BRIEF DESCRIPTION OF THE DRAWINGS
[0008] FIG. 1 is an illustration of an example operating
environment and system for querying across disparate schemas.
[0009] FIG. 2 is an illustration of two paradigms for storing
data.
[0010] FIG. 3 is an illustration of overloading columns within a
sparse data table design.
[0011] FIG. 4 is an illustration of a compacted sparse data table
design.
[0012] FIG. 5 is an illustration of an example Name Value Pair
table for a sparse data table.
DETAILED DESCRIPTION
[0013] As briefly described above, embodiments are directed to
dynamic computation of identity-based attributes. With reference to
FIG. 1, one example system for expansion of list items for
previewing includes a computing device, such as computing device
100. Computing device 100 may be configured as a client, a server,
a mobile device, or any other computing device that interacts with
data in a network based collaboration system. In a basic
configuration, computing device 100 typically includes at least one
processing unit 102 and system memory 104. Depending on the exact
configuration and type of computing device, system memory 104 may
be volatile (such as RAM), non-volatile (such as ROM, flash memory,
etc.) or some combination of the two. System memory 104 typically
includes an operating system 105, one or more applications 106, and
may include program data 107 in which rendering engine 120, can be
implemented in conjunction with processing 102, for example.
[0014] Computing device 100 may have additional features or
functionality.
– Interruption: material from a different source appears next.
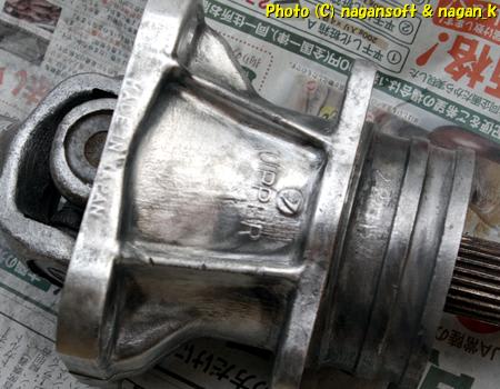 「リヤのアクスルシャフト、ハブ」の片方をさらに掃除していきます。

For example, computing device 100 may also include
additional data storage devices (removable and/or non-removable)
such as, for example, magnetic disks, optical disks, or tape. Such
additional storage is illustrated in FIG. 1 by removable storage
109 and non-removable storage 110. Computer storage media may
include volatile and nonvolatile, removable and non-removable media
implemented in any method or technology for storage of information,
such as computer readable instructions, data structures, program
modules, or other data. System memory 104, removable storage 109
and non-removable storage 110 are all examples of computer storage
media. Computer storage media includes, but is not limited to, RAM,
ROM, EEPROM, flash memory or other memory technology, CD-ROM,
digital versatile disks (DVD) or other optical storage, magnetic
cassettes, magnetic tape, magnetic disk storage or other magnetic
storage devices, or any other medium which can be used to store the
desired information and which can be accessed by computing device
100. Any such computer storage media may be part of device 100.
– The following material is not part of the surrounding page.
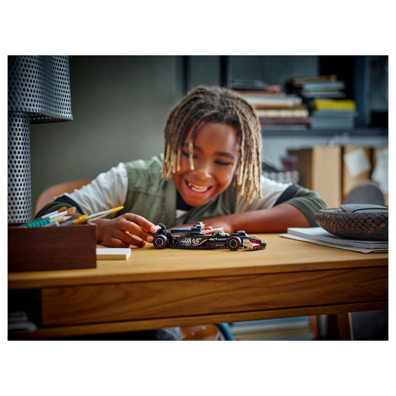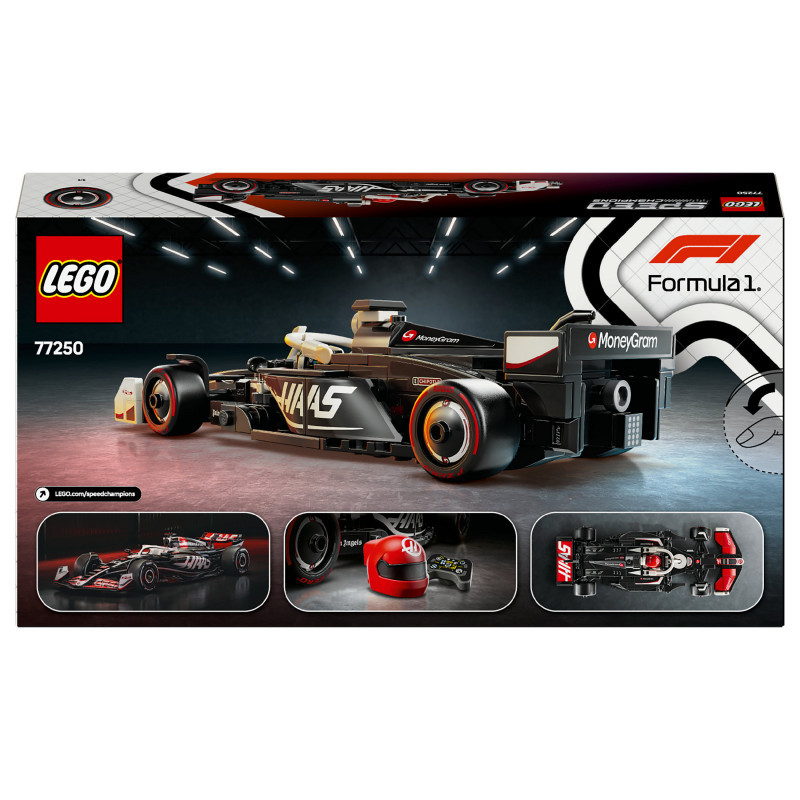 "LEGO Speed Champions MoneyGram Haas F1® Team VF-24 Race Car. Product type: Building set, Recommended age (min): 10 yr(s), Material: Plastic, Number of pieces: 242 pc(s). Package weight: 294 g"\n"LEGO® Speed Champions MoneyGram Haas F1® Team VF-24 Race Car (77250) lets boys and girls aged 10 plus enjoy all the excitement of Formula 1®. Kids and adult car collectors can build, display and play out races with an F1 race car model featuring design details from the real-life version that competed in the 2024 Formula 1 season.

Computing device 100 may also have input device(s) 112 such as
keyboard, mouse, pen, voice input device, touch input device, etc.
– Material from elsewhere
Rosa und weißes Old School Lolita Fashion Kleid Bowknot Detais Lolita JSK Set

Output device(s) 114 such as a display, speakers, printer, etc. may
also be included.
[0015] Computing device 100 also contains communication connections
116 that allow the device to communicate with other computing
devices 118, such as over a network. Networks include local area
networks and wide area networks, as well as other large scale
networks including, but not limited to, intranets and extranets.
Communication connection 116 is one example of communication media.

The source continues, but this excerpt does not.